Keith Westwater and I are going on tour to promote our respective new collections from IP, his Tongues of Ash and my Men Briefly Explained, and here is where we are going:
* Dunedin: Tuesday, 25 October, Circadian Rhythm Café, 72 St Andrew Street, 8pm
* Christchurch: Wednesday, 26 October, CPIT, Madras Street, 5:30pm
* Wellington: Thursday, 27 October, Wellington Central Library, 5:30 for 6pm
* Lower Hutt: Friday, 28 October, Rona Gallery/Bookshop, Eastbourne, 6pm
* Auckland: Tuesday 1 November, Poetry Live, Thirsty Dog, 469 Karangahape Road, 8pm
This is my second book tour - Interactive Press organised a similar tour for Voyagers: Science Fiction Poetry From New Zealand, which I co-edited with Mark Pirie, in 2009 - and based on that experience, I expect we will be well received. I have strong Dunedin connections, Keith has strong Christchurch connections, and Wellington and Lower Hutt are our respective stamping grounds.

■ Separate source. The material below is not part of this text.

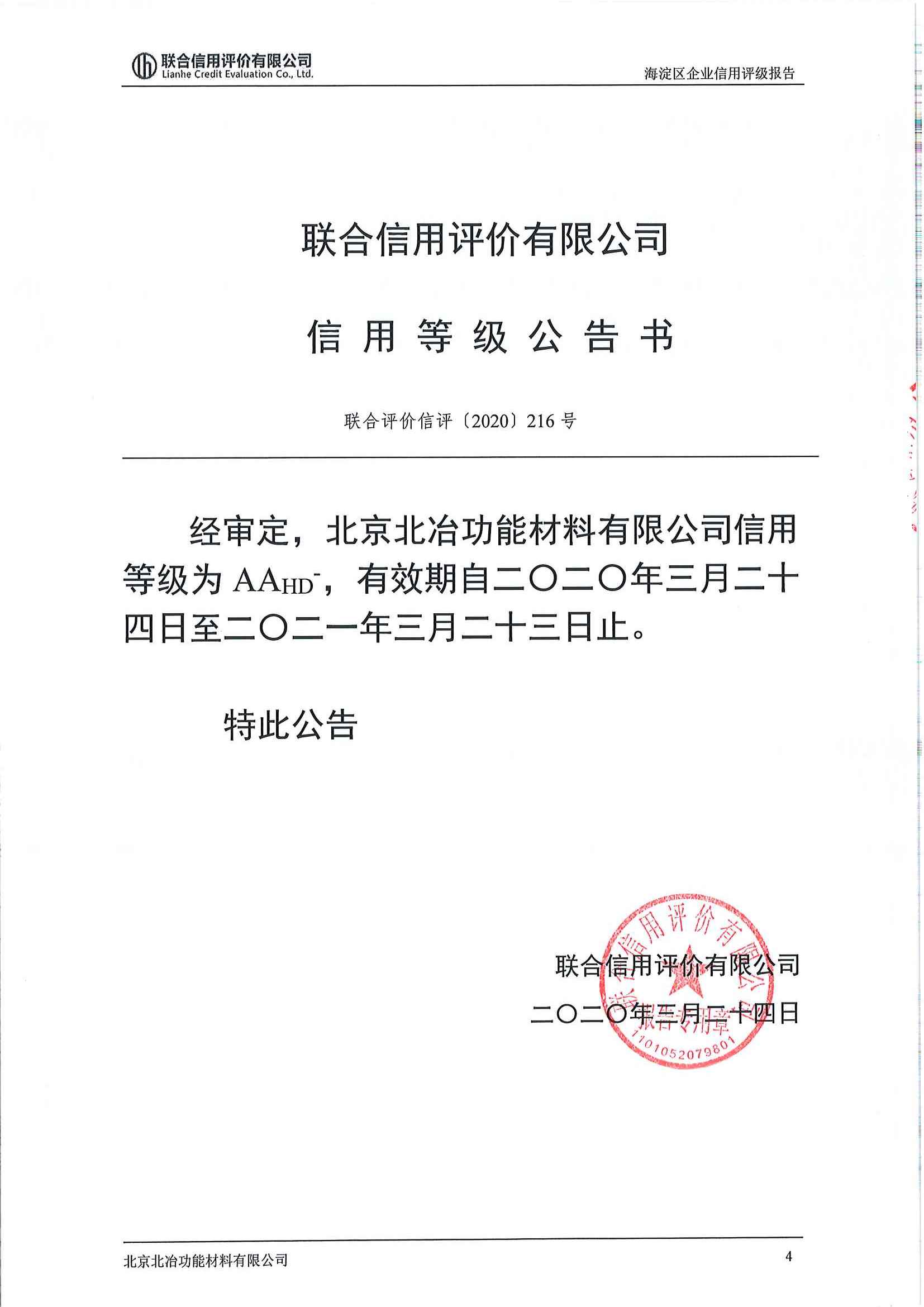 4月1日,北京聯(lián)合信用評價有限公司基于對北京北冶功能材料有限公司所處行業(yè)環(huán)境、運營與管理、財務(wù)狀況等多方面因素進行分析,評定其信用等級為AA。

The great unknown is how we will be received in Auckland! It's possible we will be driven out with blows and curses, but I know there are some lovely poetry people in Auckland, including the Poetry Live organisers, so I think we will be OK.
What's next?
I was awarded the NZSA Janet Frame Memorial Award for Literature in 2010, which was a great honour - but it was to help with the production of my next collection of short fiction. I have a whole lot of short story ideas, a bunch of half-finished stories, and several first drafts - when the tour's over, it’s time to knuckle down and get on with those stories.
**
About Tim Jones
Tim Jones is a poet and author of both science fiction and literary fiction who was awarded the New Zealand Society of Authors Janet Frame Memorial Award for Literature in 2010. Among his recent books are short story collection Transported (Vintage, 2008) and poetry anthology Voyagers: Science Fiction Poetry from New Zealand (Interactive Press, 2009), co-edited with Mark Pirie. Voyagers won the “Best Collected Work” category in the 2010 Sir Julius Vogel Awards.